TCP Protocol

Question 1

What are the goals of TCP protocol?

Answer 1

• Guaranteed Delivery
• Optimize Network Throughput
• Avoid Congestion

Question 2

How is guaranteed delivery implemented in TCP protocol?

Answer 2

• Usage of Sequence Numbers in order to uniquely identify packets
• Usage of ACKs and SACKs
• Use of Checksums
• Usage of timers in order to re-transmit dropped packets

Question 3

How does TCP optimize network throughput?

Answer 3

• Cumulative Acknowledgement
• Selective Acknowledgement
• Fast Recovery
• Fast Retransmission
• Usage of Window Scale Factor

Question 4

How does TCP avoids congestion?

Answer 4

• Slow start by gradually adapting the congestion window
• Usage of Receive Window allows client to adapt to processing power

Question 5

What are the parameters of the sliding window?

Answer 5

• Acknowledged Bytes
• Sent but non-acknowledged bytes
• Total size of bytes which can be sent without having an acknowledgement

Question 6

What is the optimal TCP window size?

Answer 6

For the highest possible throughput, it is important that the transmitter is not forced to stop sending by the sliding window protocol earlier than one round-trip delay time (RTT). The limit on the amount of data that it can send before stopping to wait for an acknowledgment should be larger than the bandwidth-delay product of the communications link. If it is not, the protocol will limit the effective bandwidth of the link.

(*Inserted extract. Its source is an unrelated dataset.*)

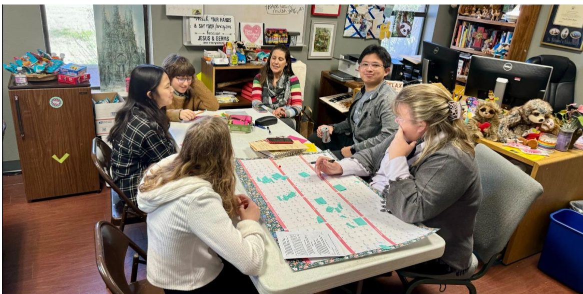
Youth Sunday School

Comment: This is particulary important for high bandwidth / high latency connections. By using the right value the whole connection can be used before data is processed and acknowledged.

Question 7

How does the congestion avoidance algorithm work?

Answer 7

The congestion window is increased quadratically until the sshtresh is reached. After that the window is increased linearly.

Question 8

How does the “Fast Recovery” process work?

Answer 8

Three acknowledgments for a packet initiate a fast recovery process. The congestion window is set to half of the sshtresh allowing a temporary inflation.

Question 9

What is the MSS (Maximum Segment Size) of TCP?

Answer 9

Total amount of bytes a TCP segment can contain in terms of payload data without packet overhead

Question 10

How is SRTT (Smoothed Round-Trip Time) calculated?

Answer 10

mu_0 = R_0

sig_0 = 0.5 R_0

mu_i = (1 - a) mu_{i-1} + a R_i

sig_i = (1 - b) sig_{i-1} + b |mu_i - R_i|

SRTT = SRTT + max(G, 4 x RTTVAR)

Question 11

What is the relationship between TCP Maximum Segment Size and IP datagram size?

Answer 11

TCP segments will be packaged into IP datagrams. As we saw in the section on IP, datagrams have their own size limit issues: the matter of the maximum transmission unit (MTU) of an underlying network. If a TCP segment is too large, it will lead to an IP datagram is too large to be sent without fragmentation. Fragmentation reduces efficiency and increases the chances of part of a TCP segment being lost, resulting in the entire segment needing to be retransmitted.

The solution to these two competing issues was to establish a default MSS for TCP that was as large as possible while avoiding fragmentation for most transmitted segments. This was computed by starting with the minimum MTU for IP networks of 576. All networks are required to be able to handle an IP datagram of this size without fragmenting. From this number, we subtract 20 bytes for the TCP header and 20 for the IP header, leaving 536 bytes. This is the standard MSS for TCP.